Pour cause, seuls les cancers broncho-pulmonaires et celui de la plèvre (mésothéliome) faisaient l’objet d’un tableau de maladies professionnelles en lien avec l’exposition à l’amiante. L’ajout des cancers du larynx et des ovaires dans la liste, consécutif au nouveau décret, va donc changer drastiquement la donne. Cela devrait faciliter les démarches des travailleurs malades concernés, qui se heurtaient à un parcours du combattant pour faire valoir leurs droits à une indemnisation pour ces maladies.

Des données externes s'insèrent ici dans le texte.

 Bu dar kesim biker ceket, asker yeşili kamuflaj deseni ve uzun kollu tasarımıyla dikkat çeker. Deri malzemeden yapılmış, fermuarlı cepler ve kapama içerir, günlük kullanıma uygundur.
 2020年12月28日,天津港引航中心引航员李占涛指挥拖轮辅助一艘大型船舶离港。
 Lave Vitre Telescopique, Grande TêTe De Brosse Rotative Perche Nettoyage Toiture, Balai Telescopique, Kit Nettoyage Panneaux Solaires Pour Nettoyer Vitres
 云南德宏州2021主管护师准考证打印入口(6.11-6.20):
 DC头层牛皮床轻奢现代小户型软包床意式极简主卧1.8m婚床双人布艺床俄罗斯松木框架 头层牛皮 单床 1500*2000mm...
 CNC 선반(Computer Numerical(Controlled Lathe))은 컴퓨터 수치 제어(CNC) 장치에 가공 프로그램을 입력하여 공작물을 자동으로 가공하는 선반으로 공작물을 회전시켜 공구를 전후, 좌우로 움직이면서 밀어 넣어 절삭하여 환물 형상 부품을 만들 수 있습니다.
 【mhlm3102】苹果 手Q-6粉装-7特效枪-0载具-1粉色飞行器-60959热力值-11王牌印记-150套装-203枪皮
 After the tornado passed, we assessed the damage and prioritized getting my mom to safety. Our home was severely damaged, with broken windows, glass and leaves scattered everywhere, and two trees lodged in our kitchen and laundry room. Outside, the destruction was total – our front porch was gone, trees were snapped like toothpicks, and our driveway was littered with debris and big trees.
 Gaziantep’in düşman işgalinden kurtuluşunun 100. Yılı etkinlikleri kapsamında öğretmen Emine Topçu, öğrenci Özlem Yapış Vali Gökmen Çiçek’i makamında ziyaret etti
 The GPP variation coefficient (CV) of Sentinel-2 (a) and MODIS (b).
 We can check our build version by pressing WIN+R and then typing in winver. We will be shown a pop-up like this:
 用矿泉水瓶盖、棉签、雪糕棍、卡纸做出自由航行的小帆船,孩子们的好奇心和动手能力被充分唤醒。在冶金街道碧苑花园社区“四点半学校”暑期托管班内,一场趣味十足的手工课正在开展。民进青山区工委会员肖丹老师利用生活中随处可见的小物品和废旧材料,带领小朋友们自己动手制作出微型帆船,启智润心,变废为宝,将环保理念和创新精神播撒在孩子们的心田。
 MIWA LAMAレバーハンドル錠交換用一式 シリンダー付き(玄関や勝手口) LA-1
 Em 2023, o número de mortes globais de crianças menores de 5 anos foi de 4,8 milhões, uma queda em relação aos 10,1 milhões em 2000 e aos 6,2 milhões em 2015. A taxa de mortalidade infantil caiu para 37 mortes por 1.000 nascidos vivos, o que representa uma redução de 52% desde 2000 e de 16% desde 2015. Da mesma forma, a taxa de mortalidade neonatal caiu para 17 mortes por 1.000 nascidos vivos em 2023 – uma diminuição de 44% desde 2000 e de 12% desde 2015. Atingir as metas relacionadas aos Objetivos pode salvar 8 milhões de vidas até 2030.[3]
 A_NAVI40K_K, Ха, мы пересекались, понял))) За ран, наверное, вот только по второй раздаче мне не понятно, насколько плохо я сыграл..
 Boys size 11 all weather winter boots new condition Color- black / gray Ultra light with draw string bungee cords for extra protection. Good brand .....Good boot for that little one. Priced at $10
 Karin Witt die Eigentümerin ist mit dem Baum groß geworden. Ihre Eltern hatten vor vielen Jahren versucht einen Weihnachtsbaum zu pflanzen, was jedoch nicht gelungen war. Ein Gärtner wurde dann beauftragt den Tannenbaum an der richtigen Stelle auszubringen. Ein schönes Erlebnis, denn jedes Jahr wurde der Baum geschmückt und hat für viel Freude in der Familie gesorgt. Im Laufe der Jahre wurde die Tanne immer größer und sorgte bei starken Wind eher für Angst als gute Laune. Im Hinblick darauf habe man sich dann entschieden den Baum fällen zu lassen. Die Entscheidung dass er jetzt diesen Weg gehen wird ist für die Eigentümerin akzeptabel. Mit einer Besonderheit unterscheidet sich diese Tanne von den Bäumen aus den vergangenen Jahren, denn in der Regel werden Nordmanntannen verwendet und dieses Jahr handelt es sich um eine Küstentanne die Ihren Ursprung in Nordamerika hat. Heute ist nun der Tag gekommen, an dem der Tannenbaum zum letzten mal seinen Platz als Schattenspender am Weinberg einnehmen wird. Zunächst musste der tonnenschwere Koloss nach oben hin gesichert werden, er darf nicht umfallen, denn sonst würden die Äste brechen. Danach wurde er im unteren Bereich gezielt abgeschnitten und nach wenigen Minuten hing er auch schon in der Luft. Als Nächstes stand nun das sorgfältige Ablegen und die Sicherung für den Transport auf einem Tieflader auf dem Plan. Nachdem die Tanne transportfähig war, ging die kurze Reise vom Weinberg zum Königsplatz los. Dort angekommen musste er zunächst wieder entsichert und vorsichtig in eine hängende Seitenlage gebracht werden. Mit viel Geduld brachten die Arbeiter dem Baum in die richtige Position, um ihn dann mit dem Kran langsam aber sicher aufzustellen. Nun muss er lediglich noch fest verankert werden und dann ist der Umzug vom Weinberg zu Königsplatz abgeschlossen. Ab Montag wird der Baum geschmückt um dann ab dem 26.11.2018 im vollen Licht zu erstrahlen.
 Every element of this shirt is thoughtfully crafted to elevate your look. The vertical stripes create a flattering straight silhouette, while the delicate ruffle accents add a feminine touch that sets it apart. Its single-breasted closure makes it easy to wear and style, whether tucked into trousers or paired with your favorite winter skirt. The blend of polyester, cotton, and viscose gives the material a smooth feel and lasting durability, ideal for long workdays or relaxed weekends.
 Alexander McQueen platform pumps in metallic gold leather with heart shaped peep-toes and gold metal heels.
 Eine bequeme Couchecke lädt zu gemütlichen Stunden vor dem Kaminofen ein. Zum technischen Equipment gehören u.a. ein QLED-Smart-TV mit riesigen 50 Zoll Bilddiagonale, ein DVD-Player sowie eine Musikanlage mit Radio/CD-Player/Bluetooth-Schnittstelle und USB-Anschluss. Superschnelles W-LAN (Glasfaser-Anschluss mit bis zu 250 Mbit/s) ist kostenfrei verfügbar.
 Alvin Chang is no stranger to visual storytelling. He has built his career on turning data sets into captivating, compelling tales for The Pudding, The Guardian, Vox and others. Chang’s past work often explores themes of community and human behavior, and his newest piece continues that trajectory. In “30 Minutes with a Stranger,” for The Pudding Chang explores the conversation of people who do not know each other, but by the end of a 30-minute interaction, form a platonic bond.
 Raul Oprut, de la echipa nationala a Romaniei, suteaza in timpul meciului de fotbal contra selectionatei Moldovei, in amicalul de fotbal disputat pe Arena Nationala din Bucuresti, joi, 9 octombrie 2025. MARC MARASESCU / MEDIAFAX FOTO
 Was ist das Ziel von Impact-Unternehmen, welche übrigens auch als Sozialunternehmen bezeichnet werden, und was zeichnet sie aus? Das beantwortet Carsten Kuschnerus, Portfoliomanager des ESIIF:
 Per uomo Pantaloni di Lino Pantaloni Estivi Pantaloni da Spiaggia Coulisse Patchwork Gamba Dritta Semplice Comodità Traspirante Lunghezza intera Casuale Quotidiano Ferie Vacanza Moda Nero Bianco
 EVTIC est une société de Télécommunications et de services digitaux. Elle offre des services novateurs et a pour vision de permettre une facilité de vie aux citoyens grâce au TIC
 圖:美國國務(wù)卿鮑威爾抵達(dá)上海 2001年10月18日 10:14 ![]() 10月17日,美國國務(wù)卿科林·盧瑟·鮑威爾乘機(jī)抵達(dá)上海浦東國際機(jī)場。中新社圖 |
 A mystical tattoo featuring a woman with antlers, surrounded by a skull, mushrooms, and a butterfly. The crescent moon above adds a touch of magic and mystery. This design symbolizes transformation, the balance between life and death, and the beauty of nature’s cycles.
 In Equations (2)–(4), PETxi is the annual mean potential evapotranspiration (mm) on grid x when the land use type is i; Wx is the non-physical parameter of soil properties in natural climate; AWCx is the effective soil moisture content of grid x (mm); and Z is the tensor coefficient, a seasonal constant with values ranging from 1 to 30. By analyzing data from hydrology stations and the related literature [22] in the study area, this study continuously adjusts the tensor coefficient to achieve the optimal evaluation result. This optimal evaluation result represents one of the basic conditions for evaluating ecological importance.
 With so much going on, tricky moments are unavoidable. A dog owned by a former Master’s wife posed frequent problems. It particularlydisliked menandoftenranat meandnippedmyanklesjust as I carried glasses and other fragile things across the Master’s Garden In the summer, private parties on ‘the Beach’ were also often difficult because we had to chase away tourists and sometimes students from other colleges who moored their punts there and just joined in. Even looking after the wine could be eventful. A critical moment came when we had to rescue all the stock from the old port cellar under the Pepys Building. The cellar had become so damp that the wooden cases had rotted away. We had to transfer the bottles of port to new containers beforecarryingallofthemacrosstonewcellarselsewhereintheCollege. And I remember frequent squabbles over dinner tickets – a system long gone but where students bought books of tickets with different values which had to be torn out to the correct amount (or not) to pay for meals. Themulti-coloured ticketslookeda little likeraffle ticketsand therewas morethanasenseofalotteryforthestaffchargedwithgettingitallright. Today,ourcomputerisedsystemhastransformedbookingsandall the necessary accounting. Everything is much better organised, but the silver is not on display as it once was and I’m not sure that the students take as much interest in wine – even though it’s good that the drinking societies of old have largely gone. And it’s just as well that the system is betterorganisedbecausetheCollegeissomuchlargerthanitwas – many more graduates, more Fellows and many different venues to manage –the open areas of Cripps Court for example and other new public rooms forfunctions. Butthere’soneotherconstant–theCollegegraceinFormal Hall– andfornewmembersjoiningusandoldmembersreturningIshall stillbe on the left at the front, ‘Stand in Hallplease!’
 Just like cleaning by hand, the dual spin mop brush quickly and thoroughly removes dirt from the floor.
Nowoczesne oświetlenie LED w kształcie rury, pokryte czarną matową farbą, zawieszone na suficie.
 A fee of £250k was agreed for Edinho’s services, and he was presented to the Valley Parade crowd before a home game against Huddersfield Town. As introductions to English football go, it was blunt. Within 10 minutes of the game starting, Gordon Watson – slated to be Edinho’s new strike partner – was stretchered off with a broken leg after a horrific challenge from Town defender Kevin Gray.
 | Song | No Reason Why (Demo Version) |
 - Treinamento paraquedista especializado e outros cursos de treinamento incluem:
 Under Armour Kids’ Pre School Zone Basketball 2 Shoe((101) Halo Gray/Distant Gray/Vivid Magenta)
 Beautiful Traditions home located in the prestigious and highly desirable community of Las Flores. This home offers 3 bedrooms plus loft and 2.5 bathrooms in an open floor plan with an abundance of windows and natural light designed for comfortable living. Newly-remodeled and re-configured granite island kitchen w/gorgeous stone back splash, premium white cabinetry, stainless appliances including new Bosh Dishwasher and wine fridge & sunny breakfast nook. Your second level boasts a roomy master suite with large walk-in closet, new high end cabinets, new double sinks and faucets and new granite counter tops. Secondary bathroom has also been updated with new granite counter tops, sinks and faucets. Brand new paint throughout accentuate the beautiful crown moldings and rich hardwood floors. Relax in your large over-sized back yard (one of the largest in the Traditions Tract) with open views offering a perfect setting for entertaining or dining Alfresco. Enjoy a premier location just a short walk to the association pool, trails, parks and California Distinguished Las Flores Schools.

Car s’il leur était déjà possible de faire reconnaître leurs cancers en tant que maladie professionnelle, les victimes devaient "apporter la preuve du lien entre le cancer et [leur] travail", rappelait encore l’Anses dans son expertise. Les conditions d’acceptation étaient "bien plus restrictives qu’avec un tableau de maladie professionnelle."
Amiante : la première cause de cancers d’origine professionnelle
L’amiante reste la deuxième cause de maladies professionnelles et la première cause de cancers d’origine professionnelle.
Malgré l’interdiction des fibres d’amiante en 1997 en France (et depuis 2005 dans l’Union européenne), ce matériau reste encore présent dans de nombreux secteurs d’activité (travaux de démolition ou d’enlèvement d’amiante dans des bâtiments ou sur des machines, plombiers, chauffagistes, électriciens, peintres, charpentiers...) posant question sur la santé des travailleurs qui respirent sa poussière toxique.
La littérature existante, portant sur l’impact de l’amiante sur la santé dans le milieu professionnel, a été réalisée surtout chez la population masculine, surreprésentée dans le secteur du BTP. Mais cela ne signifie pas que l’exposition à l’amiante des femmes soit un non sujet. Selon l’Anses, les femmes qui oeuvrent à la fabrication de textiles non inflammables sont exposées à l’amiante. Et d’autres secteurs sont également à risque selon l’agence sanitaire, en les exposant de façon indirecte. Ce serait le cas notamment du secteur de la santé, où les femmes sont majoritaires.
Face au manque cruel de données sur le sujet, l’anses avait d’ailleurs plaidé en 2022 pour de plus amples recherches afin de mieux "documenter l’exposition des femmes à l’amiante et les impacts sur leur santé".